Retailing has never been an easy business. Changing tastes, new technologies, capricious landlords and finding loyal employees alone are enough to create conditions of failure. Add in the Internet, and today’s retailer faces incredible odds.
Here in Sonoma, those of us who’ve been here for some decades have watched the Plaza morph and change from a resident-serving hub to one oriented to tourists. Behind these changes are all the forces I’ve mentioned, yet among the nearly thirty wine-bars, numerous restaurants and shops selling over-priced kitsch there remains a few reminders of what downtown used to be. Is it a miracle of nature, or is something else at play?
Two of the best examples are the kitchenware shop Sign of the Bear and Eraldi’s, the mostly men’s clothing store. How is it that these two Sonoma Plaza icons have not been displaced by yet another tasting room?
One part of the answer lies in the fact that the local owners of both stores are in the shops nearly every day. Like conductors overseeing their orchestra, leadership brings a sense of authenticity and connection to employees and customers alike. In our age of anonymity, the presence of identity is itself a powerful force.
Another inescapable fact is that in both cases, the owners also own the real estate. This removes the “greed” factor associated with landlords seeking the highest possible return on their real estate investment. The “churning” of retailers on the Plaza is largely due to rising rents, rents rising not due to increased costs but due to profit opportunities created by “market conditions.” Resisting the lure of more income because it can be had tests the will to remain loyal to tenants, and sadly, many landlords fail that test.
The product offering also comes into play, and the relative lack of competition. Both stores have some competition, but none on the Plaza and not much nearby. When it comes to well-stocked men’s clothing stores, Eraldi’s is it. As for kitchen-ware, Sign of the Bear is a crazy-quilted, crowded, over-stocked experience of exuberant sensory overload. In today’s slick and trendy retail environment, both stores are now firmly established in the category of genuinely quaint.

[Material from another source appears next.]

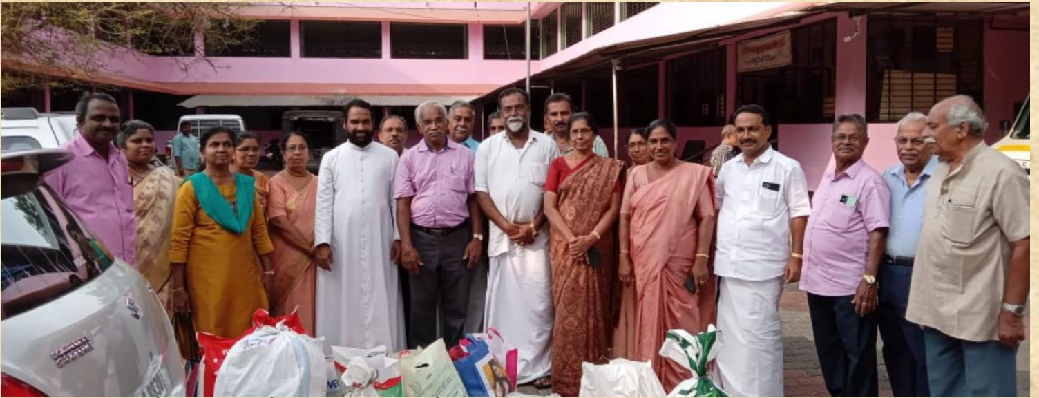
എം സി എ റാനി മേഖല യൂണിറ്റുകളുടെ സഹകരണത്തോടെ ശാലോം കാരുണ്യഭവൻ സന്ദർശിച്ചു

It’s an accomplishment to survive in retail long enough to be declared quaint. Both stores are more than quaint, of course; you can find what you need for your kitchen or your closet, and in this way both shops fill real needs in real lives. But quaintness, like patina on an antique, is something acquired only over time. It can be imitated, of course, but that’s not genuine. Originality confers a unique quality all its own.
I suspect that as Internet shopping continues to expand, “brick and mortar” retailing will increasingly be more difficult to sustain. Each new technology forces earlier technologies into obsolescence. When mail-order technology arrived, the mighty Sears catalog hit the sales of the local general store. Ironically, Amazon and Internet technology have sealed the demise of once mighty Sears.
We can only hope for and appreciate shops owned by locals who stay true to their mission and vision. Sign of the Bear has survived long enough for cooking to have waxed, waned, and waxed again, and Eraldi’s solidly remains a bastion of fair-priced, common sense clothing. Yes, they are are quaint by today’s standards, but they are also, real, true and beautiful.